Dataset records:
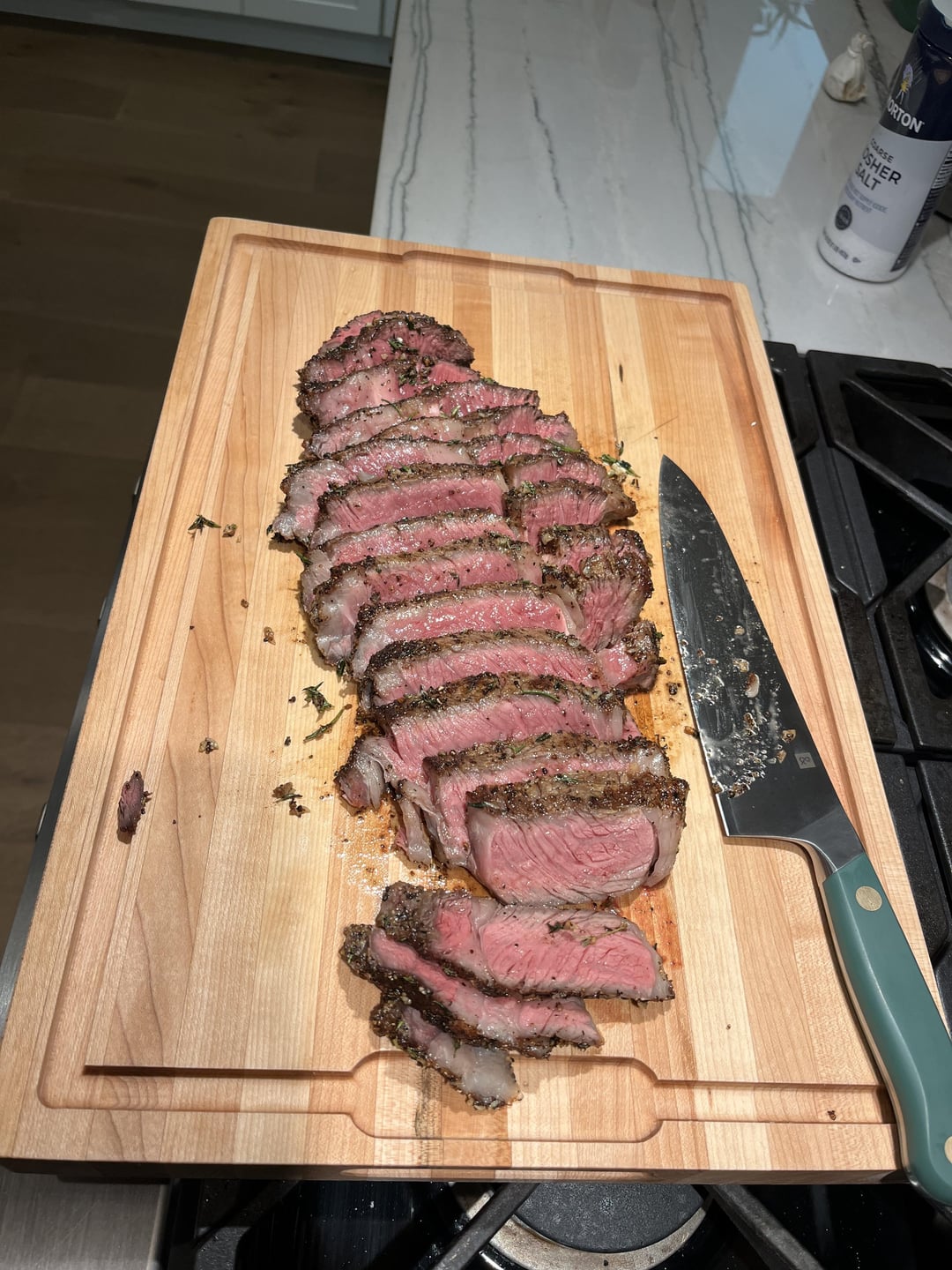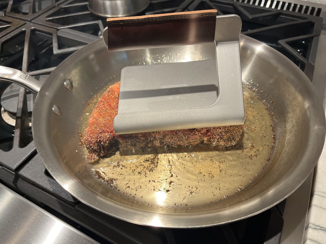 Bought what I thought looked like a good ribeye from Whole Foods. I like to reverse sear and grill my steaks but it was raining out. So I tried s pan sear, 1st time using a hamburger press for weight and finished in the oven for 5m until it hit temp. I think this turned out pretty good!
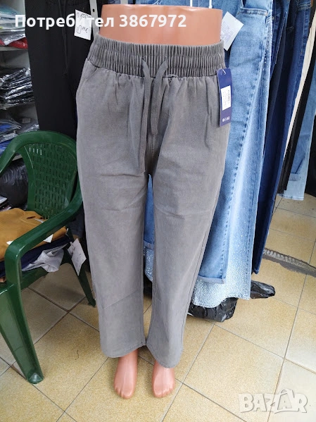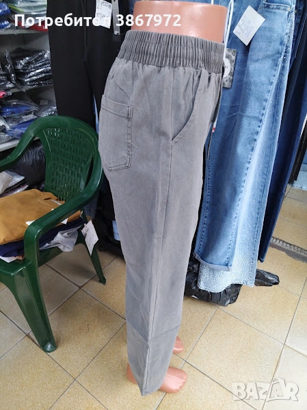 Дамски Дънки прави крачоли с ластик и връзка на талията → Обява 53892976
==
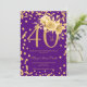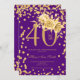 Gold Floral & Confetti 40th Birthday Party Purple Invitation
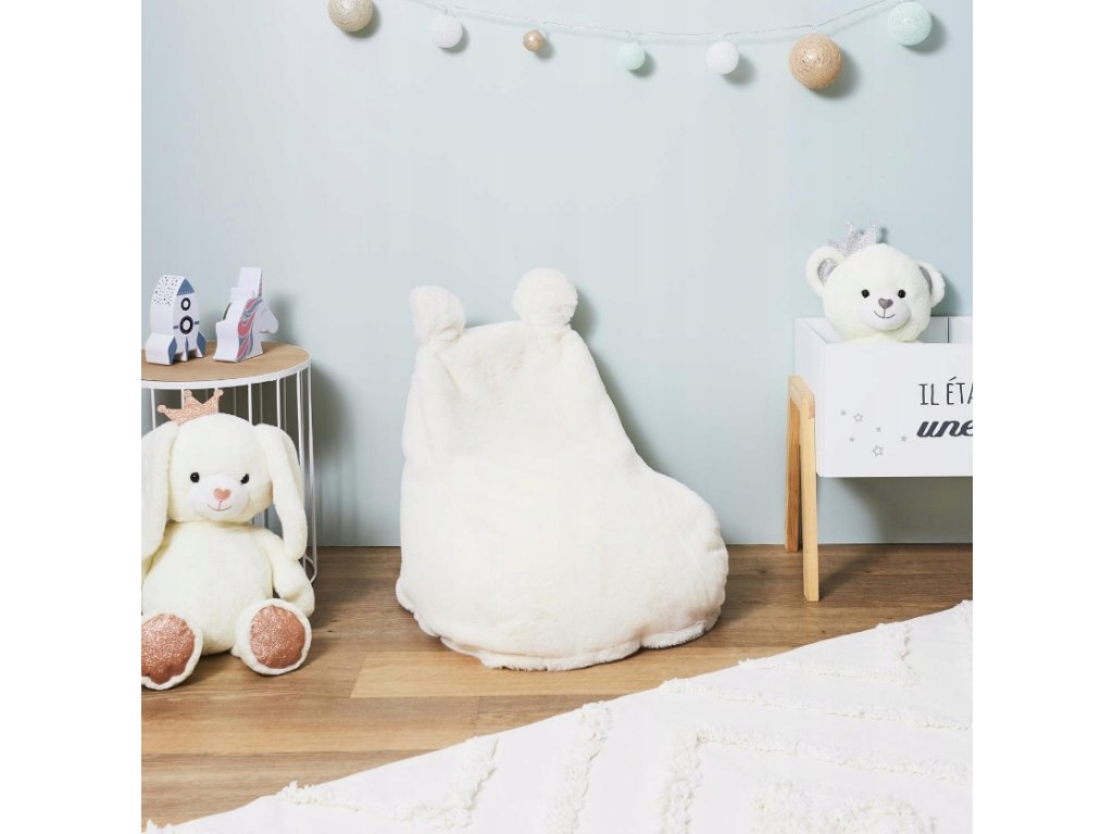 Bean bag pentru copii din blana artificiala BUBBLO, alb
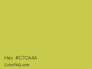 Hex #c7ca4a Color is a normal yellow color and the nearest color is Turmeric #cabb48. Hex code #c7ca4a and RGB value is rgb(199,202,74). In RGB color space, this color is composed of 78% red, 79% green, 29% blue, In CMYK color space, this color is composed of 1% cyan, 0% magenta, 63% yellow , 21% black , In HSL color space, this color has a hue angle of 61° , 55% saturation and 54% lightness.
==
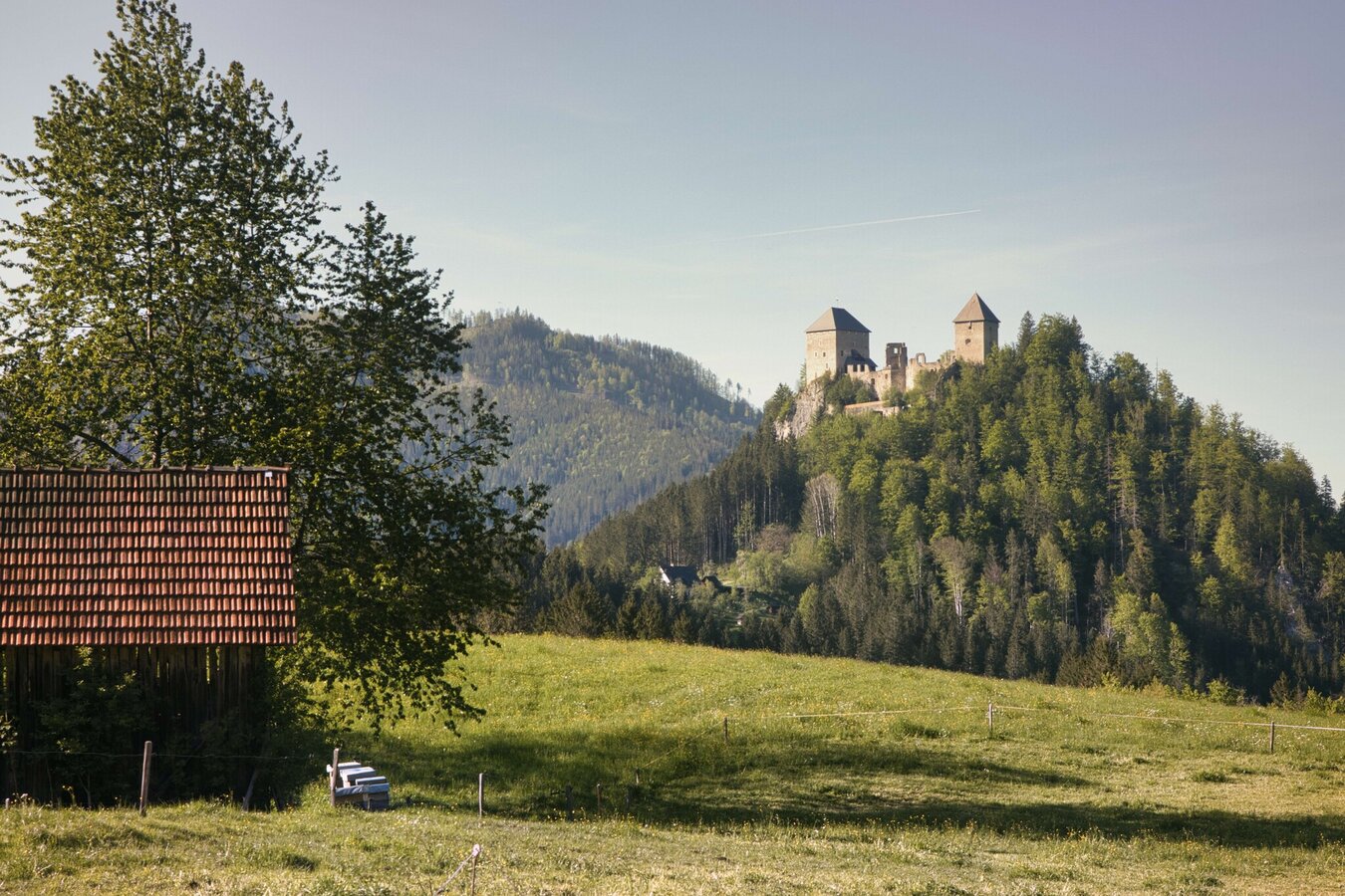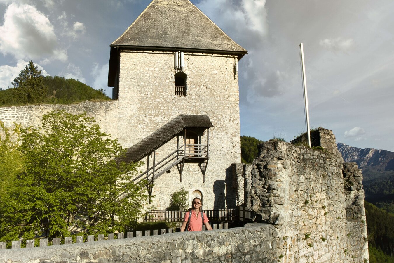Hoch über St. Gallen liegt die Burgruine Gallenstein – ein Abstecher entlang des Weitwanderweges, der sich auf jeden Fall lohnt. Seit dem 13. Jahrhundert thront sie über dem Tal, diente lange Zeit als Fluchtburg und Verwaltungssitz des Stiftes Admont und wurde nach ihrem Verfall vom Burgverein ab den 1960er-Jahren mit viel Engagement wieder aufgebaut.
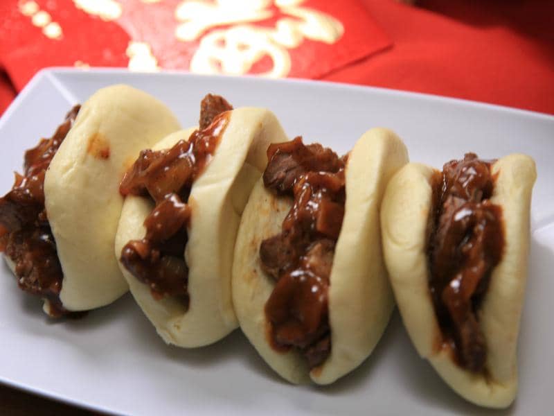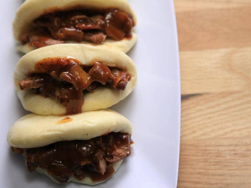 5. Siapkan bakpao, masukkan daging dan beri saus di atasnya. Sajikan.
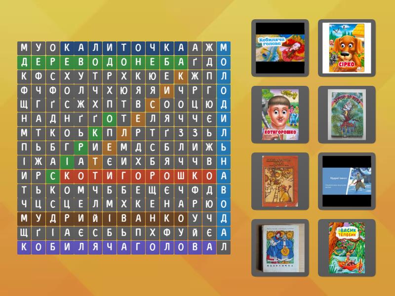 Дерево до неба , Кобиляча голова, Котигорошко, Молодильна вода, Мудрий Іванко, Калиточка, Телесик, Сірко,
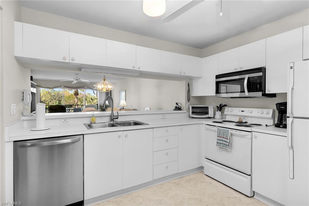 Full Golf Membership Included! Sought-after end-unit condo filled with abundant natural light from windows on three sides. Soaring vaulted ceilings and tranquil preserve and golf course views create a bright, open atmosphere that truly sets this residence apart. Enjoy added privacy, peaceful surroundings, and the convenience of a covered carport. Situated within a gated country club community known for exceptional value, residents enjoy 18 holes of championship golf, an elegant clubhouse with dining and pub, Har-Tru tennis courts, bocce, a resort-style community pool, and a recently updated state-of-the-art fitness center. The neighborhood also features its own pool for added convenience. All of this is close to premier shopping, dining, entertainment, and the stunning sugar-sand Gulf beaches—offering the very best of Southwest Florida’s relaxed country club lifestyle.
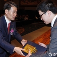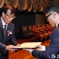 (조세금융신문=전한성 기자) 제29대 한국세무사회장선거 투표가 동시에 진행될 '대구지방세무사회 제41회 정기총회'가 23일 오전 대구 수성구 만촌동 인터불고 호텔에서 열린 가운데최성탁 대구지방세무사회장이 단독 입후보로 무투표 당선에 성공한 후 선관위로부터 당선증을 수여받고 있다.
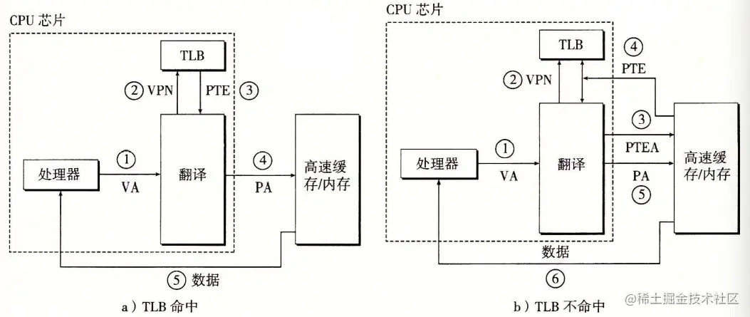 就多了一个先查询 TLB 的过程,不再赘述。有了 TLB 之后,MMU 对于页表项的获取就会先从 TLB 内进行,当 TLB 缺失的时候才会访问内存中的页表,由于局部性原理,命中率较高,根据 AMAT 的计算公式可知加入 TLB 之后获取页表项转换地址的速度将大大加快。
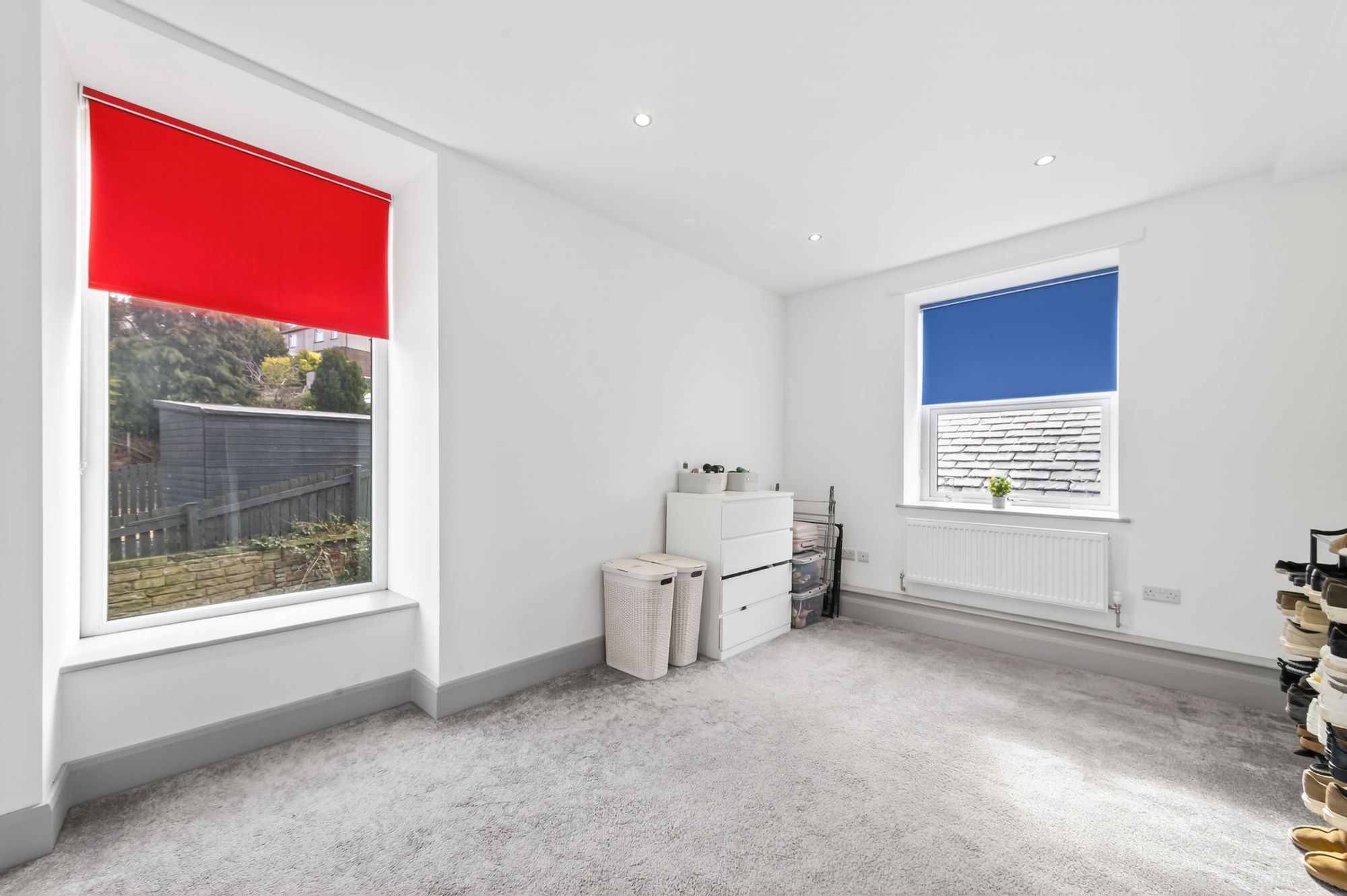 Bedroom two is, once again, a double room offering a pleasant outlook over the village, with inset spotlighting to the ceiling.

Work order:
Copy exactly the lines of the entries above from the one containing "Bought what I" through the one containing "Дамски Дънки прави". Both end lines count; pictures do not.

Exercise response:
 Bought what I thought looked like a good ribeye from Whole Foods. I like to reverse sear and grill my steaks but it was raining out. So I tried s pan sear, 1st time using a hamburger press for weight and finished in the oven for 5m until it hit temp. I think this turned out pretty good!
 Дамски Дънки прави крачоли с ластик и връзка на талията → Обява 53892976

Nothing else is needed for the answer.